Role 3: The Approximation Specialist

I am just good enough at math / statistics to be dangerous (e.g., knowing how to model stuff pretty well). However, with the scales of modern biological datasets, it is often not the modeling aspects but rather identifying approximations which make methods actually tractable and useful. This happens to be just up against my knowledge boundary and I think is a kind of great sweetspot for AI to help you out, since the fun part of mathematical modelling you can do yourself like writing down distributions, but agents can help you with things like computing gradients and approximations.

As a quantitative researcher, I feel like it is quite important to at least sketch out the likelihood yourself if you can. This way, you at least know how you would generate data to represent your observed data. This is a great starting point for now thinking about approximations if you need them. A couple of unsolicited tips for this task:

  1. Always ask for test data when the AI is evaluating the approximation. It is even better if you can provide a direct implementation for the likelihood calculation to benchmark against. Often a saddlepoint approximation or Taylor series type approximation will be extremely useful.

  2. Ask the AI to document and write tests - try to get it to use a ``property-based’’ testing framework like hypothesis. This definitely helps you identify the extremes where the approximation might actually break down.

  3. Always ask for an expected speedup and check against a test implementation.

Outlook

I think that I was motivated to start this by 1) FOMO and 2) a general curiousity whether bringing AI in would make me a more productive/better/consistent scientist. In the early days I was broadly skeptical because of hallucinations and sacrificing the correctness of my work (and actually taking away some of the things that I enjoy on the day-to-day). I also want to reiterate that this whole post is just my opinion from a two month stint (which I anticipate lengthening for a little bit at least).

In general, I remain somewhat skeptical of turning to AI wholesale for doing my actual thinking — because I would like to validate any qualitative or quantitative claim that I make in my research. So for that reason I don’t think I will be turning to AI for actually writing a first draft or even broader literature reviews in the recent future. Even quantitatively, I have found it is quite good at explaining why specific approximations (e.g., saddlepoints) work well and it is quite satisfying to actually use it as a learning tool a bit.

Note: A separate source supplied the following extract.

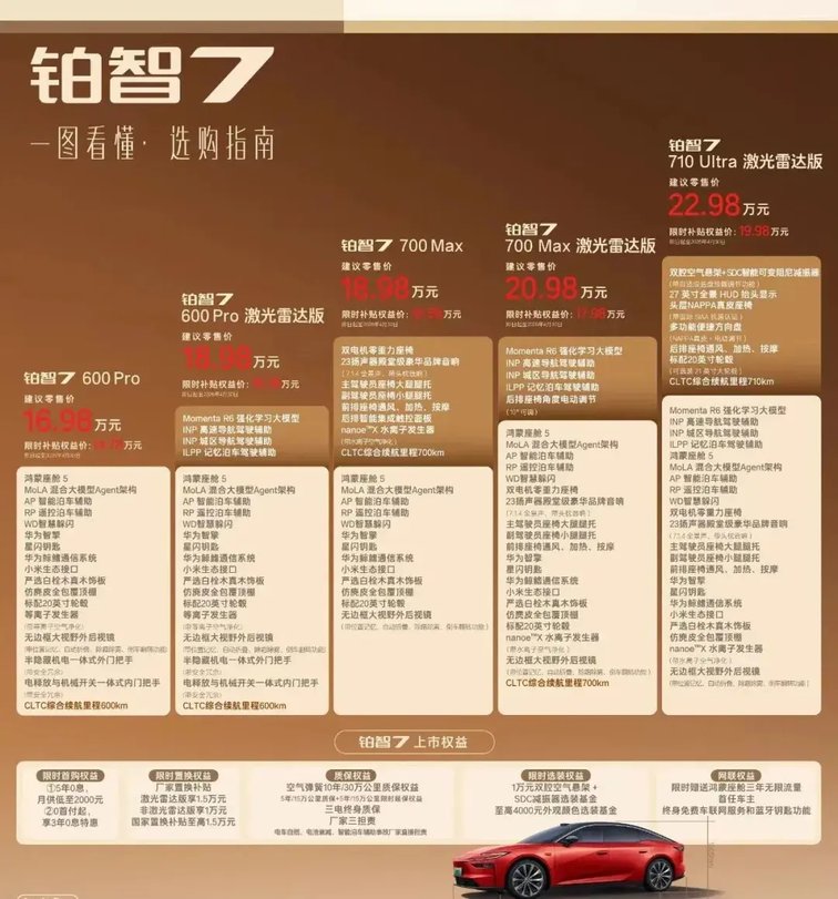 再说选装。很多用户想要激光雷达智驾,但又不想为“期货”功能买单。铂智7的做法是:在600 Pro和700 Pro版基础上,仅需增加约1.5万元,就能升级到激光雷达版,一步解锁Momenta高阶智驾。而且,交付即享全量功能,终身免费——没有后续订阅的套路,没有“以后OTA再说”的敷衍。

What I’ve highlighted above are clear ways in which AI can be a useful sounding board for improving writing, figures, and in some cases scalability of your research. This is also a great boon for productivity and kind of treating it as a tool for first round of feedback before sending to colleagues to provide further comments which can be kind of nice. It also helped me at least very acutely identify skills I was bad at starting (e.g., making thematic figures), but was ok with doing after the initial version was put together (e.g., editing thematic figures). Finding these reductions in high early activation energy and making sure they pop up frequently enough in your life is critical for yourself to feel like the investment is worth it as an early career researcher.

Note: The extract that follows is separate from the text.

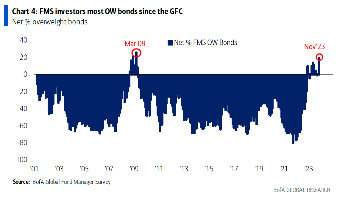 美国银行对基金经理的最新调查显示,由于“坚信”利率将在2024年下调,投资者对债券的看好程度达到了金融危机以来的最高水平。

I’ve also found that limiting my AI use to specific windows of time in my calendar blocks is also a little bit more helpful and now trying to block times where I want to be kind of AI-free. I have not relaly kind of found the ideal ratio of this new style of calendar blocking but broadly I think that it works quite well. I am slowly trying out agentic coding to see if it works well for actually building out software implementations of methods (particularly CLIs), and will put in some updates on this in the future.